В понедельник утром Анна ушла на работу, Ганс — в свой лицей, Зепп остался дома один.
Он решил отправиться в редакцию и вести себя так, будто ничего не случилось. Он поговорит с Гейльбруном. Тот его отчитает, Зепп примет все упреки без возражения; он их заслужил, но серьезно решил исправиться. Только он собрался уйти, как явился почтальон.
— Распишитесь, пожалуйста, — сказал он, подавая Зеппу заказное письмо.
Отправителем на конверте значились «Парижские новости».
Зепп держал письмо в руке: удивленный, встревоженный, он медлил вскрывать его. Что это, быть может, редакция должна ему деньги? Или ему хотят сообщить, что не принимают всерьез вырвавшиеся у пего слова и рассчитывают на его сотрудничество? Но почему бы не воспользоваться телефоном?
Впрочем, зачем так долго гадать о содержании письма? Надо только прочесть его.

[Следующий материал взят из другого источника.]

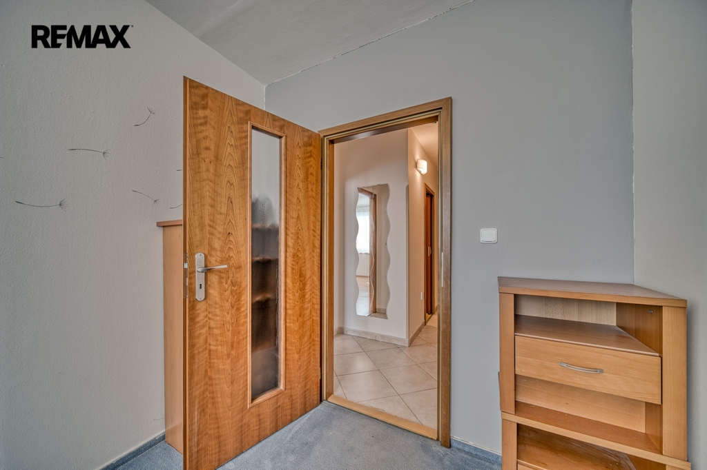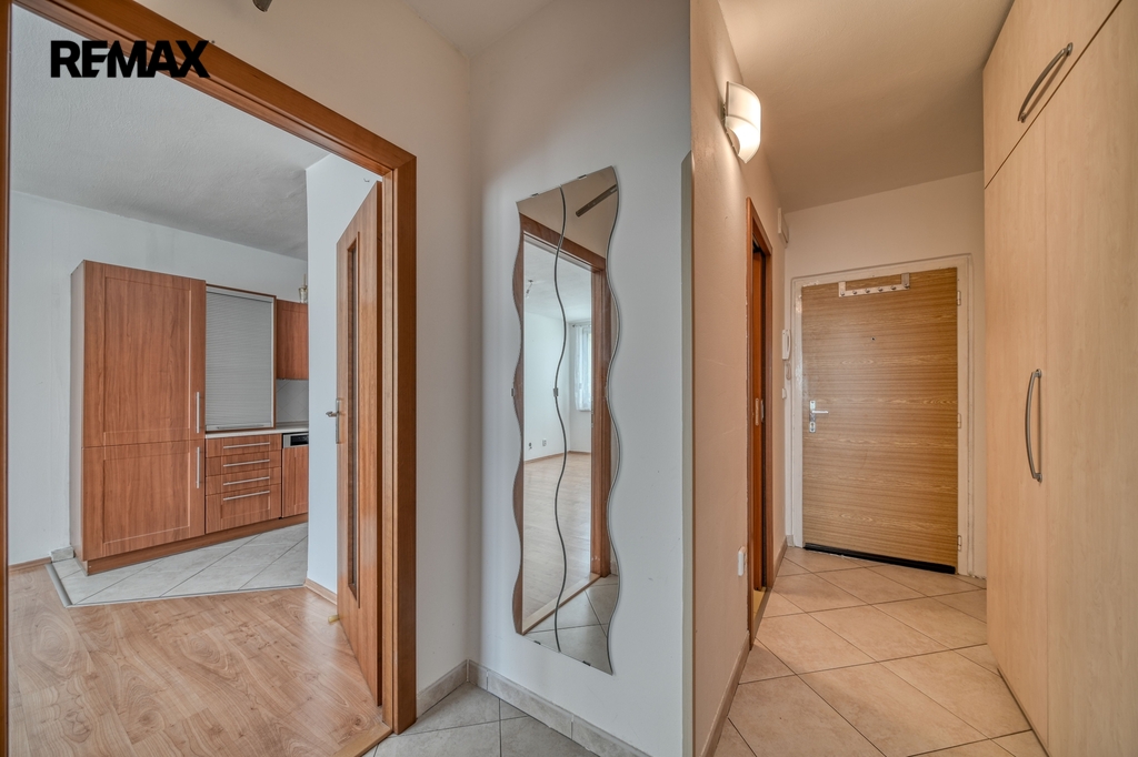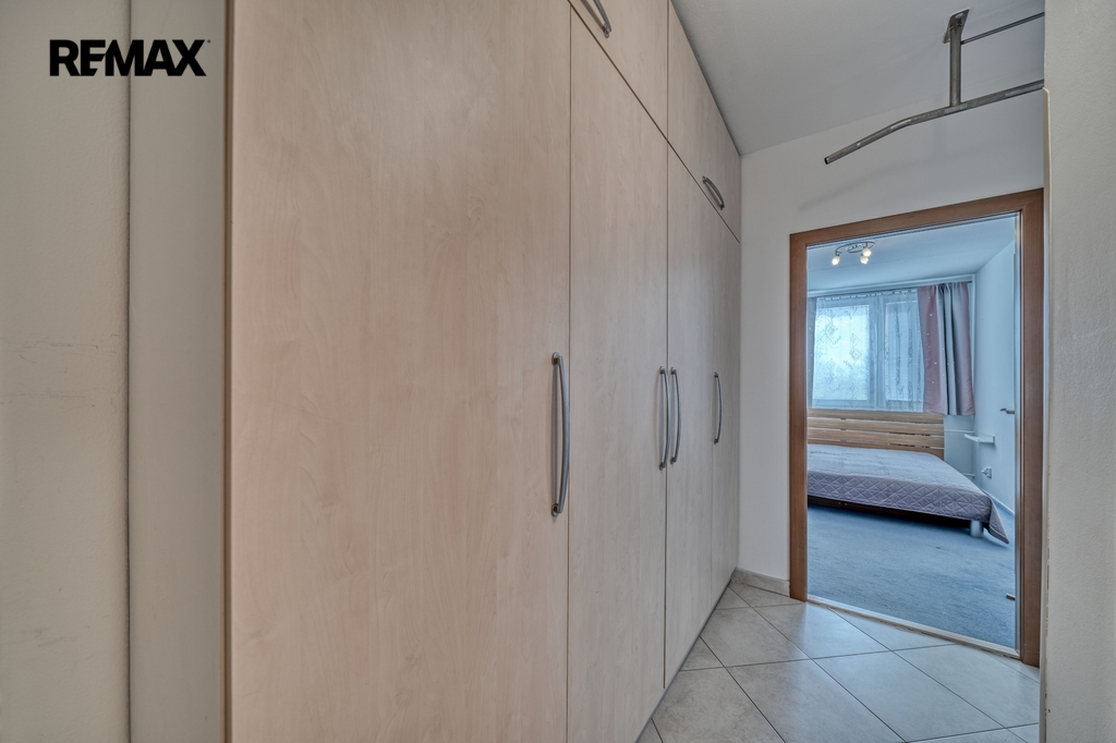 V chodbě jsou praktické vestavěné skříně, které poskytují dostatek úložného prostoru.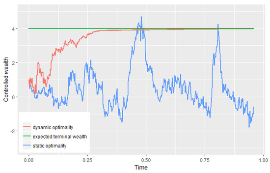 To end this section, we show the dynamics of wealth processes controlled by the statically optimal strategy (30) and the dynamically optimal strategy (33), respectively. By setting 500 equidistant time points over , we simulate two paths of optimal wealth processes and . Figure 5 illustrates the significant difference between the dynamically optimal wealth process and the statically optimal wealth process . In particular, we see that the result supports the conclusion of Theorem 2 above: the dynamically optimal wealth is strictly smaller than the expected terminal wealth when .

И, однако, он не распечатывает письма, он стоит, задумавшись, в неловкой позе, разглядывает серовато-голубой конверт и думает: «Какой уродливый штамп. Можно бы за те же деньги иметь что-нибудь покрасивее. Странно, что редакция вступила со мной в переписку».
Вдруг в порыве внезапного нетерпения он разорвал, смял конверт. И прочел:
«Многоуважаемый господин профессор. Порядка ради имеем честь письменно подтвердить, что мы приняли к сведению и удовлетворили Вашу просьбу об увольнении, выраженную восьмого августа сего года. Позволяем себе одновременно выписать Вам оклад за август месяц, по тридцать первое число. Соблаговолите получить деньги в нашей кассе или сообщить, куда их направить. С совершенным уважением редакция и издательство „Парижских новостей“.
Зепп читал медленно. Прочитанное плохо проникало в сознание. Он осмотрел подписи, твердую купеческую — Гингольда и размашистую, замысловатую — Гейльбруна.
— Гм, гм, — произнес он. — Вот как.
Зепп прочел письмо еще раз.
— Однако это сюрприз, — сказал он. Наконец-то он понял, что содержится в письме, но все еще не хотел понимать, не верил.
Больше всего его мучила и удручала подпись Гейльбруна. Возможно, что она фальшивая. Конечно, это так, Гингольд просто подделал ее. Такой негодяй и спекулянт на все способен. Зепп знал подпись Гейльбруна, он осмотрел каждую букву. Она хорошо подделана.
Странно. Странно, что Гейльбрун покинул его на произвол судьбы. Он прозаложил бы свою голову, что Гейльбрун сдержит данное им слово. Грязный он еврей, этот Гейльбрун. Вот такие евреи и виноваты в том, что Гитлер взял верх. «Вот такие грязные евреи, — вдруг говорит он громко и еще раз повторяет, думая о Гингольде и Гейльбруне: — Грязные евреи».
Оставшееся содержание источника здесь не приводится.